Interview

„Krieg ist kein Mittel, um den Konflikt in Syrien zu lösen“

Markus Bernhardt im Gespräch mit Annette Groth
|    Ausgabe vom 4. Dezember 2015
 (Foto: AG Gymnasium Melle, commons.wikimedia.org)
(Foto: AG Gymnasium Melle, commons.wikimedia.org)

UZ: Die Bundesregierung plant den zurzeit größten Militäreinsatz in Syrien. Wie steht die Fraktion „Die Linke“ zu diesem Einsatz?

Annette Groth ist menschenrechtspolitische Sprecherin der Linksfraktion im Bundestag.

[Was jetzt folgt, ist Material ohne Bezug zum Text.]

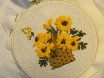 With this crewel kit, I quickly set to work figuring out the different crewel stitches. I love to cross stitch but I’ve never learned any other “real” stitches. I typically make up my own. But not this time! This time Jiffy Stitchery was going to instruct me properly. The kit had great instructions and all of the yarn and cloth I would need, as well as an embroidery needle.

Annette Groth ist menschenrechtspolitische Sprecherin der Linksfraktion im Bundestag.

Annette Groth: Die Linksfraktion lehnt diesen unverantwortlichen und völkerrechtswidrigen Militäreinsatz ab. Wieder einmal versuchen die politisch Verantwortlichen unter dem Deckmantel des von ihnen ausgerufenen „Kriegs gegen den Terror“, einen Militäreinsatz zu rechtfertigen. Die Realität ist jedoch, dass der sogenannte „Islamische Staat“ (IS) und die verschiedenen Ausprägungen dieser Form des „politischen Islams“ vor allem auch ein Ergebnis der völkerrechtswidrigen Angriffskriege gegen Irak, Libyen sowie der bewussten jahrelangen Destabilisierung des gesamten Nahen und Mittleren Ostens sind.

UZ: Welche konkreten Vorstellungen hat die Linksfraktion?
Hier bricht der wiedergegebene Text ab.